#1702 スライドドア+ハイトワゴンはメインストリームに、なる、か。スズキ、ワゴンRスマイル。


 さてと、続いては、スズキからワゴンRスマイルの話。広報車を借りてのインプレッションを行い、その後、チーフエンジニアへインタビューをする、そんな仕事をしました。ちなみに、身の回りの軽自動車事情といいますと、ここでも幾度も書いているように、ほぼ1年前、実家のクルマがフォルクスワーゲンゴルフ(5世代目)から、ダイハツのタフトへと乗り換えました。その購入劇に付き合いましたので、昨今の軽自動車について購入者の視点をかなりもっている、と思っています。つまり、性能や装備絶対主義ではなく、購入価格まで語りますので、そう、うるさいです、あれこれ。
 というわけで、ワゴンRスマイル。これですね、軽自動車業界としては、かなりのトピックなのですが、周囲からは思いのほか、反応がありません。同じパッケージである、ダイハツのムーヴ・キャンバスそのものを知らないのか、イマドキな尖ったデザインではないためか、分かりませんが、反応がほとんどありません。なので、スライドドアが、このサイズ(全高)に組み合わされたことを説明し、そして、そのニッチさを解説しても、だから? といった反応。そして、公道や駐車場で、目にされても、反応がほとんど、ない、ない、ない。ま、どかんと売れるモデルじゃないだろうからと思って、調べてみると、目標販売台数は月販で5000台に設定しますから、売る気はかなりある様子。ま、ダイハツのあちら同様にジワジワと広がっていくんでしょうな、なんてことをまずは感じました。

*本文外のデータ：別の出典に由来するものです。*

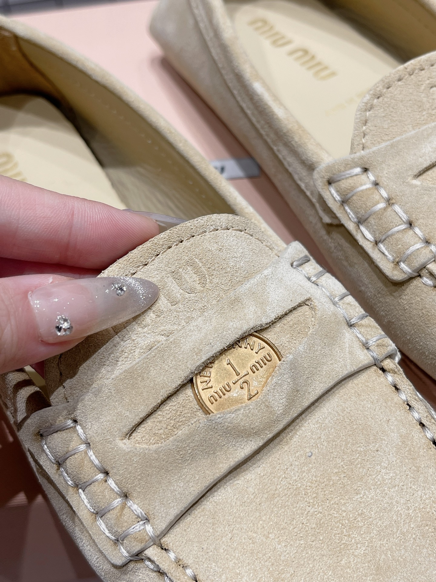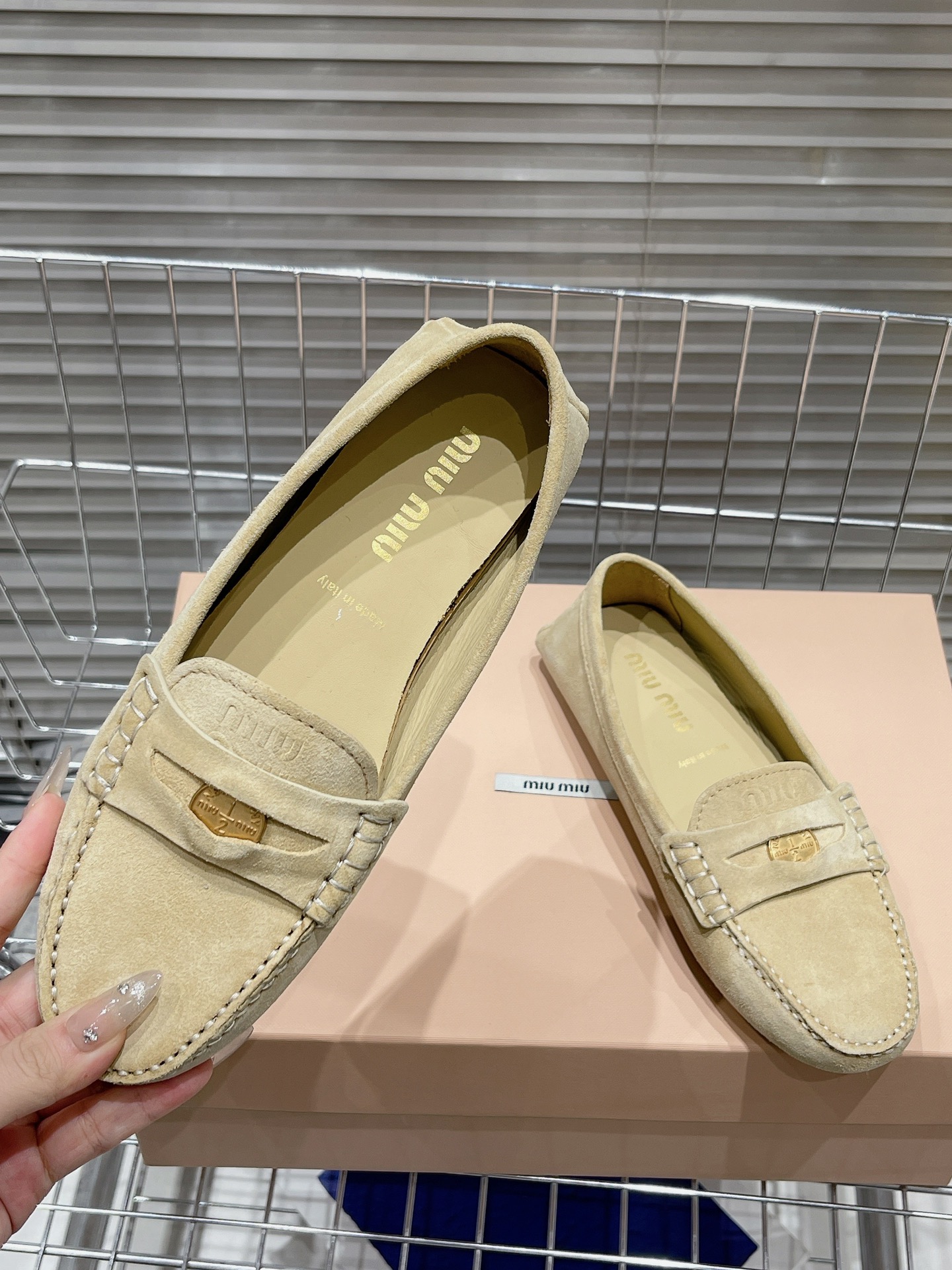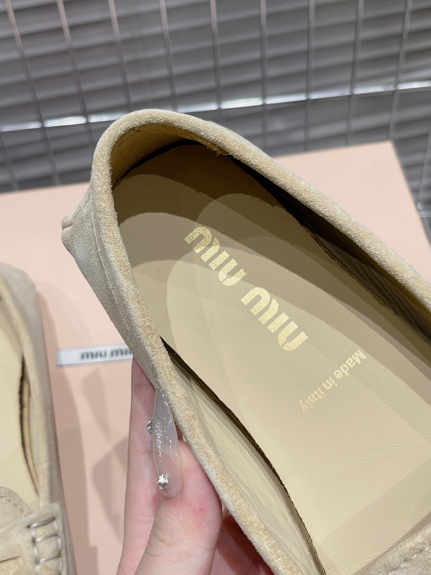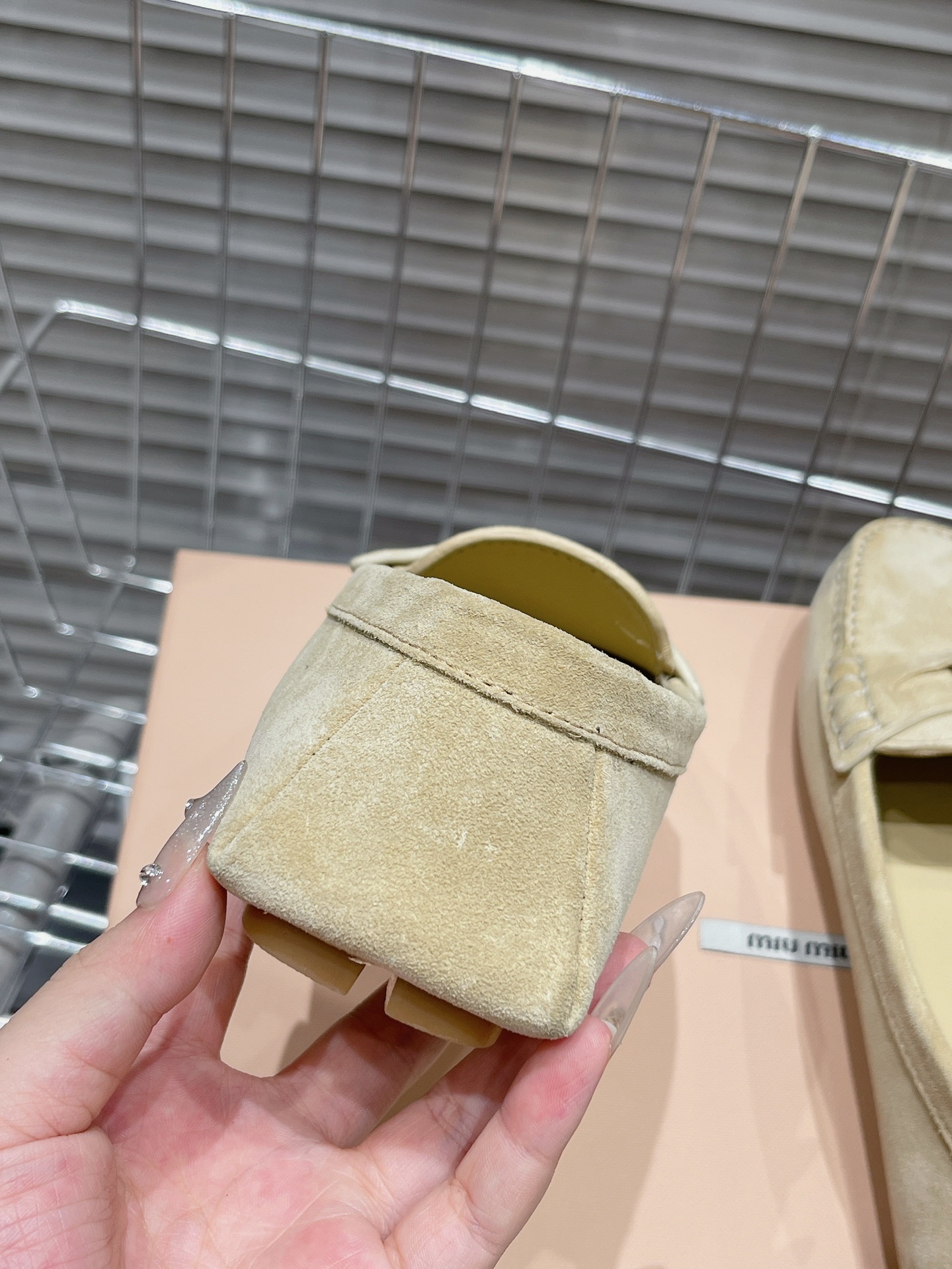 这款鞋子是AAAAA 1:1 质量 (非常棒). 使用了和原版一模一样的材料. 商标部分也保持了和缪缪/Miu Miu一样. 图片拍摄是实物鞋子拍摄, 您所收到的实物保证和我们图片一模一样.
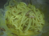 こんにちは!!昼を過ぎましたもうお食事はされましたか?うちのお昼は冷凍うどんを使ってカルボナーラです どこかの居酒屋さんできしめんのカルボナーラ
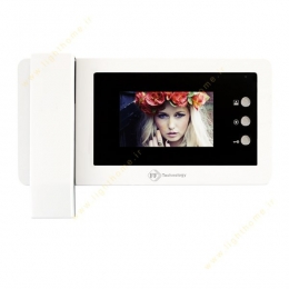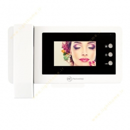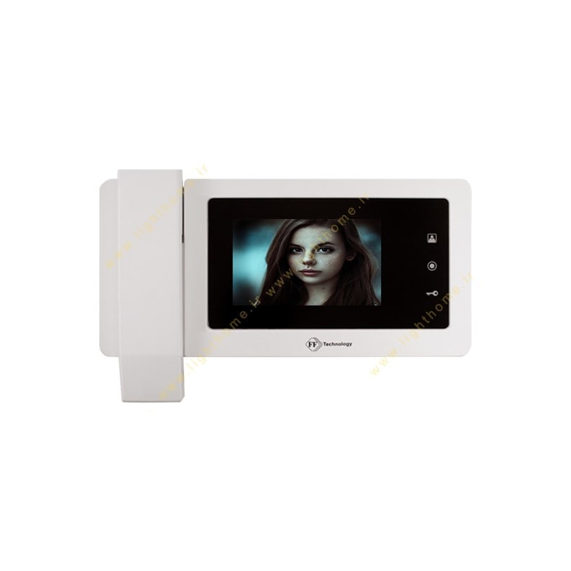 درب باز کن تصویری اف اف تکنولوژی دارای مانیتور رصفحه کلید لمسی 4.3 اینچ بزرگ با تصویر رنگی مستطیل شکلی است که با قابی سیاه رنگ در سمت راست گوشی ارتباط با مراجعه کننده نمایان می باشد. در طراحی آیفون تصویری اف اف تکنولوژی هیچ دکمه یا کلیدی به کار برده نشده و نمایشگر لمسی تمامی دسترسی های کاربردی مورد نیاز در یک درب باز کن تصویری مجهز را در قالب سه دکمه لمسی درون مانیتور سمت راست در اختیار قرار خواهد داد. تنها طرح قابل مشاهده در طراحی این مدل آیفون تصویری، نشان برند اف اف تکنولوژی میباشد که پایین قاب دور مانیتور به چشم می خورد.

 さて、インタビューを含めて感じたことをあれこれ。ま、なんだかんだいいながら、まずは最新のダイハツと比較してしまいます。実家、タフトじゃなくて、スマイルにしておいたほうが良かったのだろうか、という視点で。で、特にチェックしてしまったのは、乗り味。自らは、ダイハツの新プラットフォームであるDNGAに対してスポーティを狙い過ぎだという評価をもっていることは、ロッキーで散々に語ってきましたし、それはタフトやタントでも感じています。ただし、その分、高速域での路面トレース性はすこぶる高くてですね、軽自動車にとってはオーバークオリティであることを感じてもいます。でも、軽自動車は日常で多用するモデルであり、そう捉えると、スマイルはフラットライド感を大切に作り込んでいて好印象。ところが、路面変化が突然にあるシーンでは、それこそ突然に表情を変えます、ドン、バタン、と。さらに、高速域では安定性に不足を感じますから、この両ブランドのアプローチ、どちらが正解か、理想なのかは、言い切れません。

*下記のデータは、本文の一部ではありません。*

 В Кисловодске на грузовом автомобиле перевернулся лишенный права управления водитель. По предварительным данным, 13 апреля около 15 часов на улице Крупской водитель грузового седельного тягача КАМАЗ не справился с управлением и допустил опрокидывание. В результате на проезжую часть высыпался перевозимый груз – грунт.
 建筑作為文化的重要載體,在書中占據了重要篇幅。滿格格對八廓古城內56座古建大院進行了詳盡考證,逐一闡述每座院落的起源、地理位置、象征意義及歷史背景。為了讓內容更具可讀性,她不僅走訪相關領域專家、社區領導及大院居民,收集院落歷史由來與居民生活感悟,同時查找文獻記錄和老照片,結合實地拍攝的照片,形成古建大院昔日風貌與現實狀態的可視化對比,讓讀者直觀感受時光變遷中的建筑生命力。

 ダイハツは、来月デビューが予告されているロッキーのモータードライブユニット搭載モデルまで考慮したロードマップまであっての設計でしょうし、スズキはあまりの軽量化で乗り味を見失ったところからようやくしっとりとしたフィーリングを表現できるようになっており、これもまた、なんとも言えません。ただ、気になったのは、スマイルでは、モーターアシストがあるから加速時も静かなのだろうと思ったらアクセルオンと同時にエンジンノイズが室内に侵入してくること。つまり、静かならばずっと静かでいて欲しいのですが、突然に被さってくる音質に違和感を覚えてしまいました。期待とズレていたポイントかな。スターターモーターがないことでエンジン再始動時があれだけ静かになったのですから、なおさらに。 
 ただですね、旧世代であるキャンバスと、最新世代のスマイルを比較すると、スマイルに分があるのはいうまでもなく。なんといっても、ひとつはスズキ最新の、先進安全装備を備えていること、そして、スズキ最新の乗り味を手に入れていることにあります。ちなみに、このハイトワゴン+スライドドアというパッケージング、メインストリームになると思って眺めています。そう考えると、ターゲットをキャンバスと重なるユーザー層ではなく、フツーのワゴンRで仕立てれば、もっとインパクトがあったのでは? と思えてきます。もうね、スライドドアは重たいから、そんな捉え方をしているようでは、いかんと思います。
 いや、でも、どこか奥底では、思っていますけども。